Using a TEMT6000 Phototransistor Ambient Light Sensor with Arduino

Using a TEMT6000 Phototransistor Ambient Light Sensor with Arduino

In this tutorial, we will explore how to use the TEMT6000 ambient light sensor with an Arduino. This sensor allows us to measure the intensity of ambient light and can be used in various applications, such as adjusting screen brightness based on lighting conditions. By the end of this guide, you will have a working example that reads light levels and displays them on the serial monitor.

The TEMT6000 sensor operates as a phototransistor, outputting a voltage that corresponds to the amount of light it detects. This voltage can be easily read by the Arduino's analog input pins, allowing us to convert it into meaningful readings in millivolts or volts. You can watch the video for a detailed walkthrough of the code and wiring (in video at 00:00).

Hardware Explained

The main components for this project include the TEMT6000 sensor and the Arduino board. The TEMT6000 is a small and efficient ambient light sensor that uses a phototransistor to detect light levels. It has three pins: V (voltage), G (ground), and S (signal). The signal pin outputs a voltage that varies with light intensity, which the Arduino reads through its analog input.
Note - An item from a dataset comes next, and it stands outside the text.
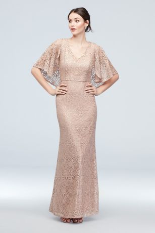 Embroidered Lace Cape Sleeve Gown Le Chateau

The Arduino serves as the microcontroller that reads the output from the TEMT6000 sensor. It processes this data and can be programmed to perform actions based on the light levels detected. This makes the sensor suitable for various applications, from simple light detection to more complex systems like automatic lighting adjustments in smart devices.

Datasheet Details

Manufacturer	Vishay
Part number	TEMT6000
Logic/IO voltage	3.0 – 5.5 V
Supply voltage	5 V
Output current	20 mA max
Peak sensitivity	570 nm
Power dissipation	100 mW
Junction temperature	100 °C
Package	4 x 2 x 1.05 mm
Notes / variants	NPN phototransistor

Ensure the sensor is powered with a stable 5V supply.
Use a 10kΩ resistor to connect the signal pin to ground for proper operation.
Keep the sensor away from direct sunlight to avoid saturation.
Consider heat-sinking if used in high-temperature environments.
Check for proper wiring to avoid floating inputs.
Calibrate readings for specific applications as necessary.

Wiring Instructions

Arduino-wiring-for-TEMT6000-light-sensor

Using TEMT6000 Phototransistor Ambient Light Sensor for Arduino — Using a TEMT6000 phototransistor ambient light sensor for Arduino

To wire the TEMT6000 sensor to the Arduino, start by connecting the V pin of the sensor to the 5V pin on the Arduino. Next, connect the G pin of the sensor to one of the GND pins on the Arduino for the ground connection. Finally, connect the S pin, which is the signal pin, to the analog input pin A0 on the Arduino. This setup will allow the Arduino to read the voltage output from the sensor based on the ambient light levels.

It's important to ensure that all connections are secure to prevent any loose wiring, which can lead to inaccurate readings. If you are using a breadboard, double-check the connections to ensure that the sensor is correctly wired to the Arduino as described.

Code Examples & Walkthrough

In the code, we begin by defining the input pin for the light sensor using #define light A0. This sets up the Arduino to read the signal from the TEMT6000 sensor connected to pin A0.

#define light A0 // define input pin

void setup() {
  Serial.begin(9600);
}

In the setup() function, we initialize the serial communication at a baud rate of 9600, which allows us to send data to the serial monitor.

In the loop() function, we read the light level using analogRead(light) and then map that value to millivolts:

void loop() {
   int Lvalue = analogRead(light); // read the light
   int mVolt = map(Lvalue, 0, 1023, 0, 5000); // map analogue reading to 5000mV
   float volt = (double)mVolt / 1000; // convert millivolt to volt

This code takes the raw analog reading, maps it to a range of 0 to 5000 millivolts, and then converts it to volts for easier interpretation. This is crucial for understanding the light levels detected by the sensor.

Finally, we print the values to the serial monitor:

  Serial.print(mVolt); // print millivolt
  Serial.print("mV ");
  Serial.print(volt, 3); // print volts with 3 decimal places
  Serial.println("V ");
  delay(1000); // wait for 1000 milliseconds
}

This section of the code displays the millivolt and volt readings on the serial monitor every second. This allows you to see how the light levels change in real-time as you cover or expose the sensor to light.

Demonstration / What to Expect

Once the wiring is complete and the code is uploaded to the Arduino, you should see readings of the light levels in millivolts and volts on the serial monitor. For example, in bright light, you may see values around 2500 mV, while in darkness, values could drop significantly (as low as 2000 mV). If you cover the sensor or turn off the lights, the readings should reflect these changes almost instantly, demonstrating the sensor's responsiveness (in video at 02:30).